[What to produce] Write back every line of the listing exactly, excluding images.

[Source material]
===
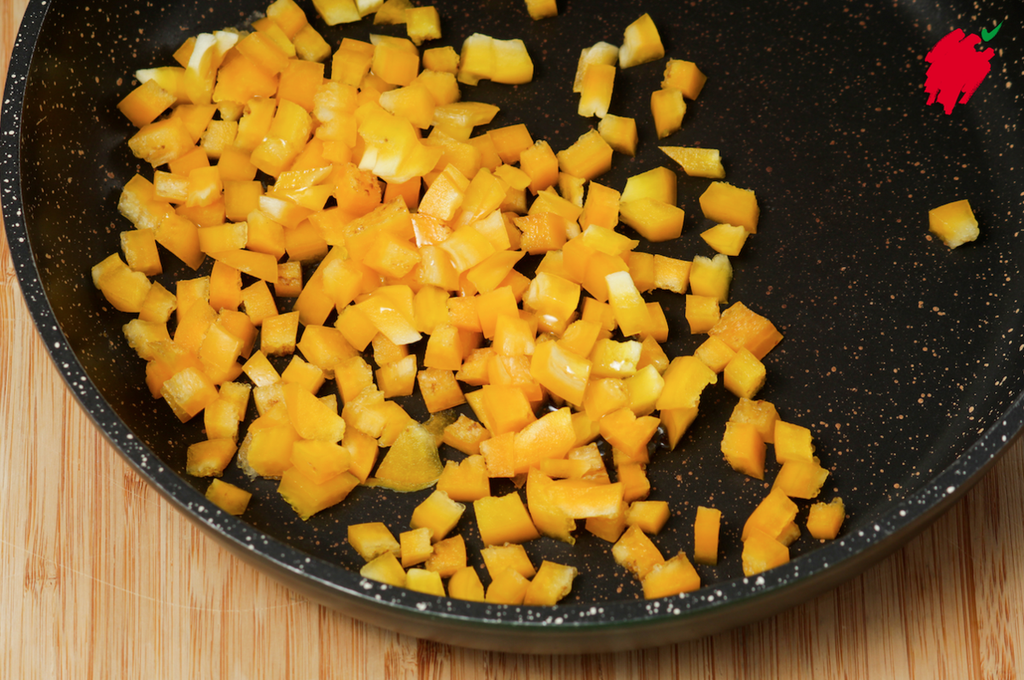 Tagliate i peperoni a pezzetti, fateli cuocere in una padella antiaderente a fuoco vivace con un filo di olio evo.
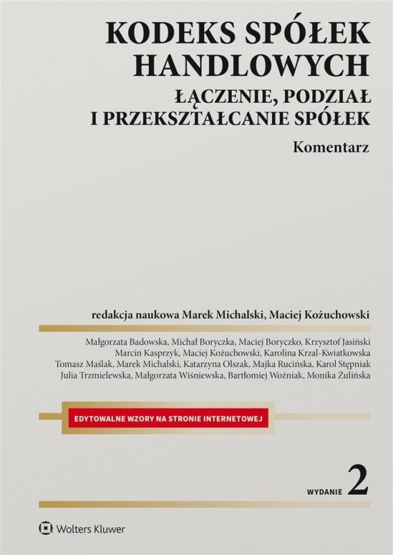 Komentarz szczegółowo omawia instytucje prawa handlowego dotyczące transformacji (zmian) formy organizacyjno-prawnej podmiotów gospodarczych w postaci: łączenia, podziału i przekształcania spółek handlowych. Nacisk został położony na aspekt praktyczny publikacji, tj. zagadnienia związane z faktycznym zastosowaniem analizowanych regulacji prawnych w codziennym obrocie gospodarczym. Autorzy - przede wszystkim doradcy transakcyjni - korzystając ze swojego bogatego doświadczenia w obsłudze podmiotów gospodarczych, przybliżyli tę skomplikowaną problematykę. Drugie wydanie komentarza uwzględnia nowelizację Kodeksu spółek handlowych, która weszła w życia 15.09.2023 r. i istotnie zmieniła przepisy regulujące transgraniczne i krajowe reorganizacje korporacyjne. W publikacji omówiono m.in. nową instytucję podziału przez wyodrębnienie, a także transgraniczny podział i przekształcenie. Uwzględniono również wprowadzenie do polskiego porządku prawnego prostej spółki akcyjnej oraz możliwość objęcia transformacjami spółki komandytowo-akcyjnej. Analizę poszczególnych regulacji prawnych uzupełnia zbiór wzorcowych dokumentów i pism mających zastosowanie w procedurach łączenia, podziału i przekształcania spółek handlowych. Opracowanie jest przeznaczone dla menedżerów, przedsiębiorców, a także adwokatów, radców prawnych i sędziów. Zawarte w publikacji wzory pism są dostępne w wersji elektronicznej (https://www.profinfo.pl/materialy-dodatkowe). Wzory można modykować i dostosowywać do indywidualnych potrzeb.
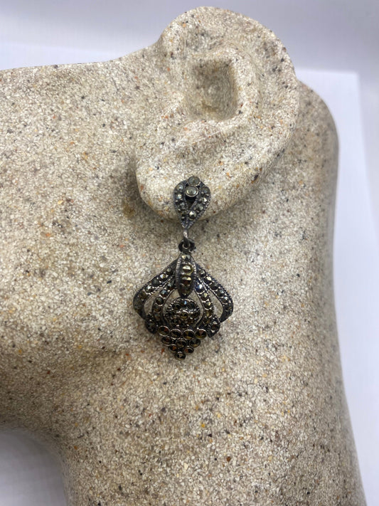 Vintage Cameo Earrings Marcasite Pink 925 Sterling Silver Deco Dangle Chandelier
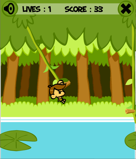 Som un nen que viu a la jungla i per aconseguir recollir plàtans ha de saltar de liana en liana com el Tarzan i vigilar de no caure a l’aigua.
===
[Output of the task]
 Tagliate i peperoni a pezzetti, fateli cuocere in una padella antiaderente a fuoco vivace con un filo di olio evo.
 Komentarz szczegółowo omawia instytucje prawa handlowego dotyczące transformacji (zmian) formy organizacyjno-prawnej podmiotów gospodarczych w postaci: łączenia, podziału i przekształcania spółek handlowych. Nacisk został położony na aspekt praktyczny publikacji, tj. zagadnienia związane z faktycznym zastosowaniem analizowanych regulacji prawnych w codziennym obrocie gospodarczym. Autorzy - przede wszystkim doradcy transakcyjni - korzystając ze swojego bogatego doświadczenia w obsłudze podmiotów gospodarczych, przybliżyli tę skomplikowaną problematykę. Drugie wydanie komentarza uwzględnia nowelizację Kodeksu spółek handlowych, która weszła w życia 15.09.2023 r. i istotnie zmieniła przepisy regulujące transgraniczne i krajowe reorganizacje korporacyjne. W publikacji omówiono m.in. nową instytucję podziału przez wyodrębnienie, a także transgraniczny podział i przekształcenie. Uwzględniono również wprowadzenie do polskiego porządku prawnego prostej spółki akcyjnej oraz możliwość objęcia transformacjami spółki komandytowo-akcyjnej. Analizę poszczególnych regulacji prawnych uzupełnia zbiór wzorcowych dokumentów i pism mających zastosowanie w procedurach łączenia, podziału i przekształcania spółek handlowych. Opracowanie jest przeznaczone dla menedżerów, przedsiębiorców, a także adwokatów, radców prawnych i sędziów. Zawarte w publikacji wzory pism są dostępne w wersji elektronicznej (https://www.profinfo.pl/materialy-dodatkowe). Wzory można modykować i dostosowywać do indywidualnych potrzeb.
 Vintage Cameo Earrings Marcasite Pink 925 Sterling Silver Deco Dangle Chandelier
 Som un nen que viu a la jungla i per aconseguir recollir plàtans ha de saltar de liana en liana com el Tarzan i vigilar de no caure a l’aigua.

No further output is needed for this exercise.